Es wird berlinert, es wird ungarisches Kauderwelsch parliert, schweizerisch gesprochen und, schwer vermeidlich, wenn es heute für Deutsche richtig lustig werden muss, Kanak-Sprak kommt zum Einsatz, das Türkengermanisch für Standup-Comedians. Und dann rollt die vierzig Jahre alte Geschichte ab wie ein perfekt geöltes Spielwerk. Also die im Supermarkt weggefundenen Waren in den Plastikbeuteln, die Vorgeschichte dazu, natürlich brilliert Vanessa Rose dabei und Anne Diemer, die die begriffsstutzig doof-naive Margherita (mit original Karoline-Zitaten) ist, brilliert gleich mit. Die Verwicklungen mit dem Gatten, den die Parteiehrlichkeit beutelt, obwohl in seiner Kantine sich Parallelgeschehen ereignete zum Supermarkt. Rasch die Razzien bei den potentiell diebischen Hausfrauen, Bruno Beeke mit und ohne Bart, man kennt diesen schlenkrigen Polizisten aus unzähligen Fernsehabenden mit Uniformspaß-Comedy, was solls, es wirkt. Die Assamstädter Hardcore-Lacherin in Reihe 5 steckte auch die an, die sonst nur ins Kopfkissen kichern, wenn's mal irgend lustig wird.

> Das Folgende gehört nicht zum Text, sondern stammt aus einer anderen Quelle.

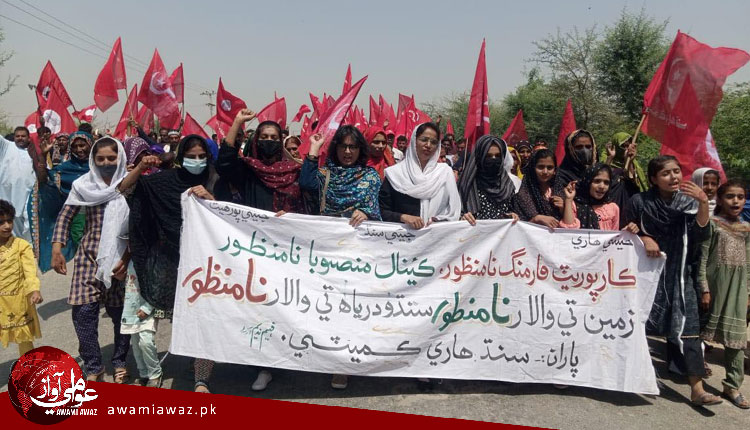 چمبڙ (رپورٽ: ثوبيا کوسو) چمبڙ ۾ ڪميونسٽ پارٽي آف پاڪستان ۽ سنڌ هاري ڪميٽي طرفان ڪارپوريٽ فارمنگ ۽ دريائن مان نوان ڪئنال ڪڍڻ خلاف سيڪريٽري جنرل امداد قاضي، ارباب رستماڻي، گلاب ڀيل، ڪلثوم جمال ۽ انيلا قادري جي اڳواڻي ۾ احتجاجي ريلي شڪور ميمڻ فارم کان چمبڙ جي مين چوڪ تائين ڪڍي وئي، جنهن ۾ سوين عورتن ۽ ٻارن شرڪت ڪئي، مين چوڪ تي ريلي جلسي جي شڪل اختيار ڪري وئي، ريلي کي ڪامريڊ امداد قاضي خطاب ڪندي چيو ته ڪارپوريٽ فارمنگ پوري ملڪ تي سرمائيدار ڪمپنين جي قبضي جي سازش آهي، انهن زمينن کي آباد ڪرڻ لاءِ نوان ڪئنال ڪڍيا پيا وڃن، دريائن ۾ پاڻي ڪونهي، خريف جي فصل لاءِ حڪومت چوي پئي ته پاڻي ڪونهي فصل نه پوکيو ته پوءِ هنن ڪئنالن لاءِ پاڻي ڪٿان ايندو، پنجاب ۽ سنڌ جي بهترين زرخيز زمينن کي پاڻي کان محروم ڪري غير آباد ڪري نيون زمينون آباد ڪيون پيون وڃن، سنڌ کي ته پيئڻ جو پاڻي به نه ملندو. ان لاءِ هن جدوجهد کي وڌيڪ تيز ڪيو وڃي، ڪامريڊ ڪلثوم چيو ته هڪ طرف ملڪ کي برباد ڪيو پيو وڃي، وري ويتر صوبن جي عوام کي پاڻ ۾ ويڙهايو پيو وڃي، ڪامريد ارباب رستماڻي چيو ته درياهه اسانجي زندگي ۽ موت جو مسئلو آهي اسين نوان ڪئنال ٺهڻ نه ڏينداسين، ڪامريڊ انيلا قادري چيو ته بلوچستان ۽ پختونخوا ۾ جنگ پئي هلي پوءِ به پاڪستان جي اشرافيه هي منصوبا شروع ڪري سنڌ ۽ پنجاب کي به جنگ جو ميدان بنائڻ چاهي ٿي، انهن کان سواءِ ثوبيا کوسو، گلاب ڀيل، ڪنول رستماڻي ۽ فرحانه سولنگي پڻ ريلي کي خطاب ڪيو، ريلي ۾ دريائن مان نوان ڪئنال نامنظور، ڪارپوريٽ فارمنگ نامنظور، زمينن ۽ دريائن تي قبضو نامنظور جا نعرا هنيا ويا، مطالبو ڪيو ويو ته ڪارپوريٽ فارمنگ واريون سڀ زمينون پوري ملڪ ۾ بي زمين مقامي هارين کي ڏنيون وڃن.
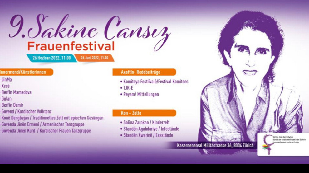 9’yemîn festîfala Şehîd Sakîne Cansiz wê li Zurihê were li darxistin
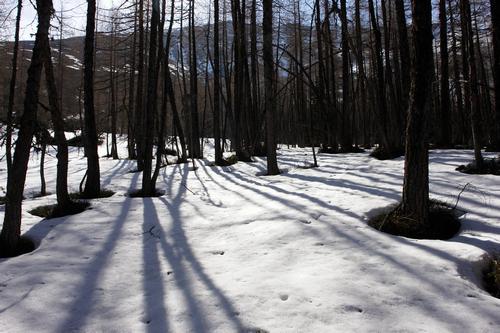 Hier beginnt nun die geschlossene Schneedecke - der harte und meist tragfähige Harschdeckel am Vormittag erlaubt es uns, die Schneeschuhe am Rucksack zu lassen.
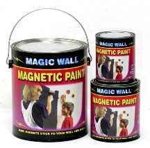 Kling Magnetics Magic Wall Magnetic Paint is an acrylic latex water-based primer that turns any wall into a magnetic receptive surface.
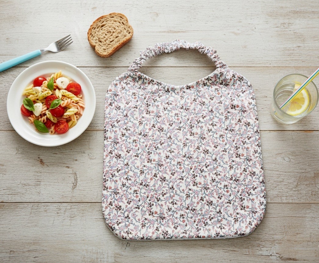 Serviette de cantine motifs petites fleurs et éponge blanche
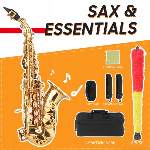 Saksofon sopranowy, lakierowany na złoto, elegancki, ładny, wykonany z mosiądzu, o chropowatej strukturze, kunsztownie wykonany: gładka linia smyczka w kształcie litery U zapewnia dobrą szczelność; skórzane nakładki i starannie wykonane klawisze dobrze ze sobą współpracują, pozwalając na łatwiejszą i lepszą grę. Ten instrument dęty wytwarza unikalne wysokie tony, zalecane dla studentów lub doświadczonych muzyków, do wykorzystania na scenie, pokazach ulicznych, występach solowych itp.
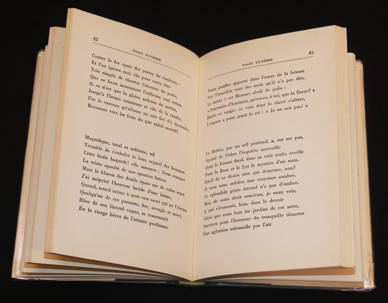 Gallimard NRF "Bibliothèque De La Pléiade", 1980. 1 volume in-12 relié (17,5 x 11 cm), reliure éditeur plein cuir vert, dos lisse orné de filets dorés, jaquette blanche imprimée, rhodoïd, étui de carton gris de l'éditeur, 976 pages -Édition de Maurice Allem. Ce volume contient : Premières poésies - Poésies nouvelles - Poésies complémentaires - Fragments de poésies inachevées - Poésies attribuées à Musset.. Très bon état.

Es gibt ein paar Modernisierungen des Textes natürlich, zum Ende etwas Streichung, was den direkteren Klassenkampfgestus des Uraltkommunisten Fo betrifft, der natürlich den Namen Zschäpe nicht kannte in den frühen siebziger Jahren und Oskar, die Lafonaine, gab dazumal noch den Saarlandonkel der alte Dame Juve, pardon, der alten Dame SPD, der Mutterpartei des deutschen Vereinswesens, die sogar ihre Grundgliederung Verein nennt. Wegen des Kaffes, den man dort, laut Tucholsky, kochen kann. Also, das alles und noch viel mehr, wenn ich der König von Deutschland wär, hat die Geraer Fassung des Farcen-Neuklassikers implantiert und es hört sich nie wie Fremdkörper an. Gespielt wird auch mit Verfremdungsgags, neben dem Klaus, der einspringen muss, sind das wiederholt die Rufe aus dem Off: Ich bin noch nicht so weit! Und dann bei Einsatz einer niedlichen kleinen Nebelmaschine die Auskunft, dass die eigentlich benötigte Regenmaschine eben nicht direkt einsatzfähig oder unauffindbar war, ich hab es schon wieder vergessen.

In Meiningen war mehr Weißkraut, fast hätte ich Lametta geschrieben. Dazu lief dort echtes Wasser, während zu Gera Giovanni (Jochen Paletschek) das Fließplätschern oral zu erzeugen hatte. Die Olive im Fruchtwasser, das nach Essig und Öl roch, die fraß auch in Gera der Luigi (Manuel Kressin) auf, während der sektiererische Bartlospolizist tapfer zuvor die unsichtbare Vogelhirsesuppe löffelte. Wohl den Darstellern, die eine Sau in sich bergen, sie rauszulassen, Gera hat welche bei der Hand. Gespielt wird mit Pause zugunsten des Ausschanks, es gibt davor und danach keine Hänger, die Programmheft-Ruine zitiert den mit dem Nobelpreis gewürdigten Dario Fo: „Ich bin nicht mit der Idee zum Theater gegangen, Hamlet zu spielen, sondern mit der Absicht, ein Clown zu sein, ein Hanswurst.“ Das ist preiswürdige Ehrlichkeit verglichen mit den nicht ganz seltenen Hanswürsten, die den Hamlet sogar inszenieren wollen nach einer seltenen indigenen Sprachfassung mit den Mitteln westafrikanischer Regentänze. Hut ab, alter Fo. Nun haben nur noch zwei Thüringer Theater die Chance, es auch einmal zu versuchen mit den tiefgefrorenen Kaninchenköpfen, mit dem erblindenden Landesgrenzschützer, mit Frühgeborenen-Verpflanzung. Dass sich dann immer noch niemand langweilen wird dabei, steht fest.